[What to produce]: No pictures go into the output, which should consist only of the lines from the first line of the data through the line with "Detector metale se", copied exactly.

(Data shown begins)

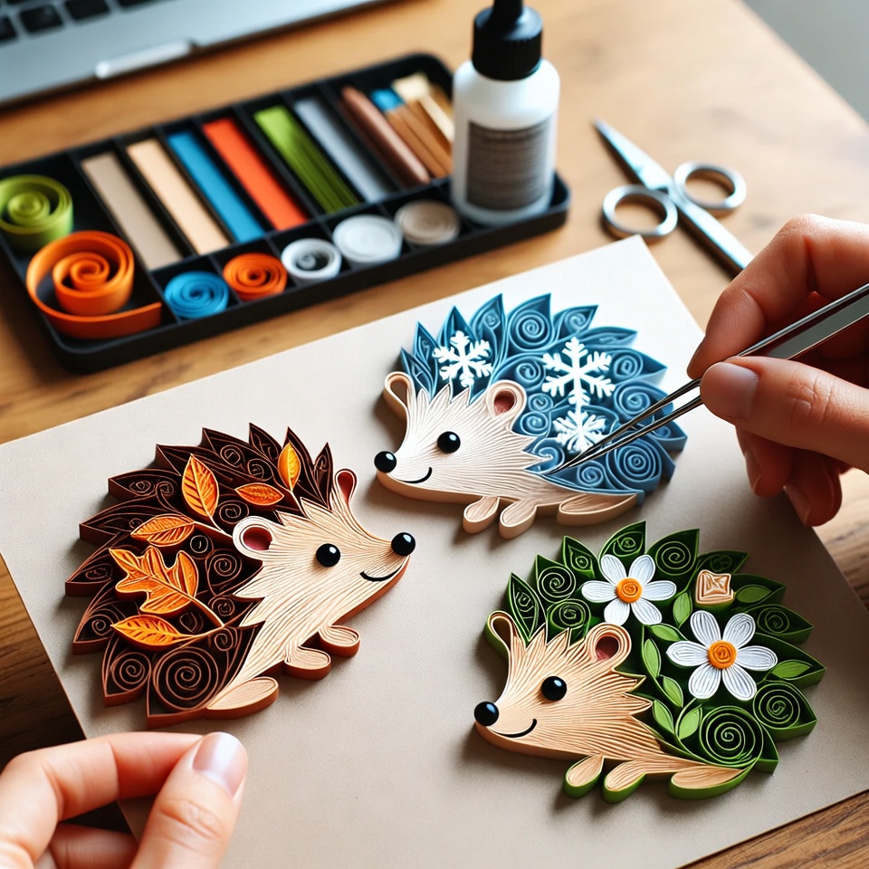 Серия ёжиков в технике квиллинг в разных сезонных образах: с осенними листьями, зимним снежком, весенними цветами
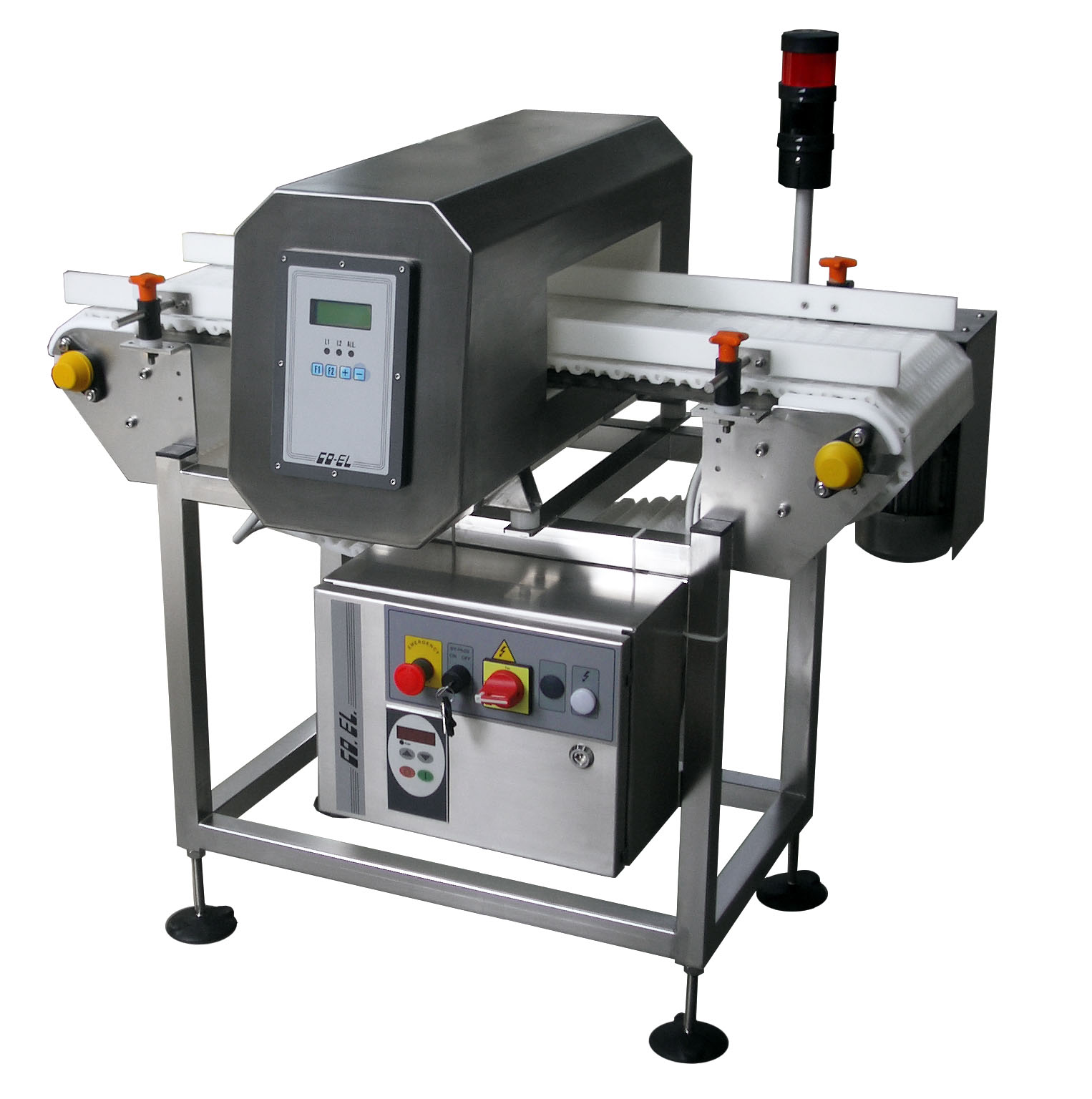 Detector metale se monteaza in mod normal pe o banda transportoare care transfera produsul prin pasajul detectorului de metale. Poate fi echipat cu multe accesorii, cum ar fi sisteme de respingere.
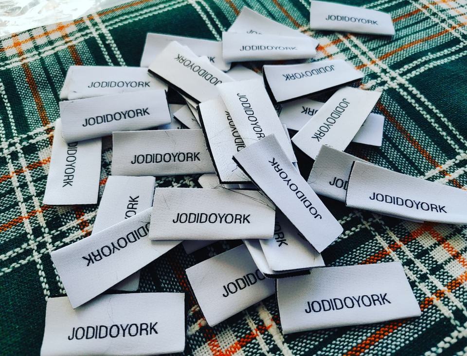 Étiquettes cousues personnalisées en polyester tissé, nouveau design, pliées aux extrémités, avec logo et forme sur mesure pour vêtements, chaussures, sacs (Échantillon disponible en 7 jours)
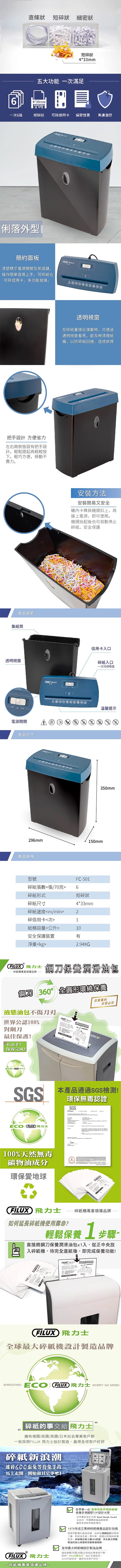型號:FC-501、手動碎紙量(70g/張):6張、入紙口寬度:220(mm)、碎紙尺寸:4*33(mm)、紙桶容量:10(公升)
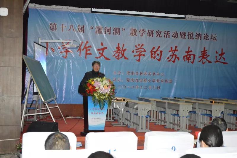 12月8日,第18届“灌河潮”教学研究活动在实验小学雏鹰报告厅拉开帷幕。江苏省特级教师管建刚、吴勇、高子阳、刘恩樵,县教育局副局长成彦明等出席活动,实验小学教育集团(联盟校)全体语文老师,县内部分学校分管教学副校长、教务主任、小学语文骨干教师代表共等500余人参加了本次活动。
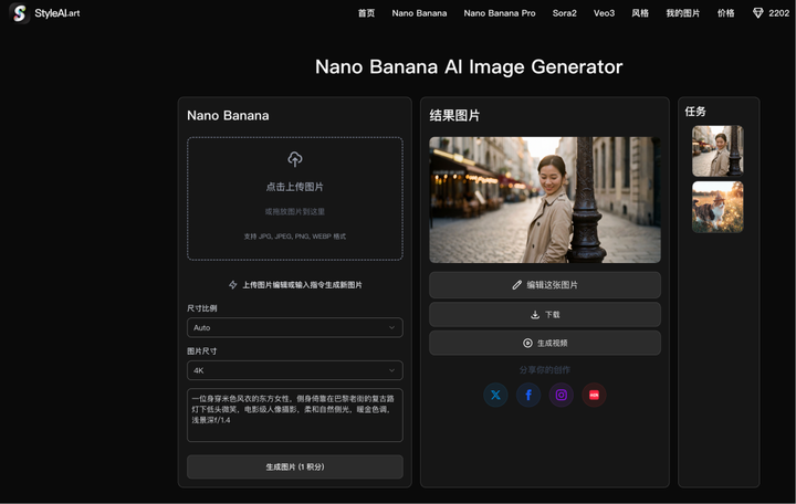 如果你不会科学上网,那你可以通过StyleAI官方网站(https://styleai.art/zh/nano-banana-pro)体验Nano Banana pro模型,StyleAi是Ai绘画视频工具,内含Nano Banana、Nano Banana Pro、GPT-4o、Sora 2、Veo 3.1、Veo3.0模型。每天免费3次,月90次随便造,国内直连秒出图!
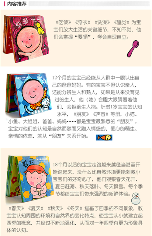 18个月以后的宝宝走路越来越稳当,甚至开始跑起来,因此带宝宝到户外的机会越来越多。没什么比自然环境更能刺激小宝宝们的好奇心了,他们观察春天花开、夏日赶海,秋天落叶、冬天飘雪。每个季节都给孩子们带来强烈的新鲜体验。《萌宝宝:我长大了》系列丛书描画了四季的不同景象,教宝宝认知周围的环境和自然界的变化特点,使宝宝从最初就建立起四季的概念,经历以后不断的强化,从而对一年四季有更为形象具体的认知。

(Data shown ends)

[Answer to this task]:
 Серия ёжиков в технике квиллинг в разных сезонных образах: с осенними листьями, зимним снежком, весенними цветами
 Detector metale se monteaza in mod normal pe o banda transportoare care transfera produsul prin pasajul detectorului de metale. Poate fi echipat cu multe accesorii, cum ar fi sisteme de respingere.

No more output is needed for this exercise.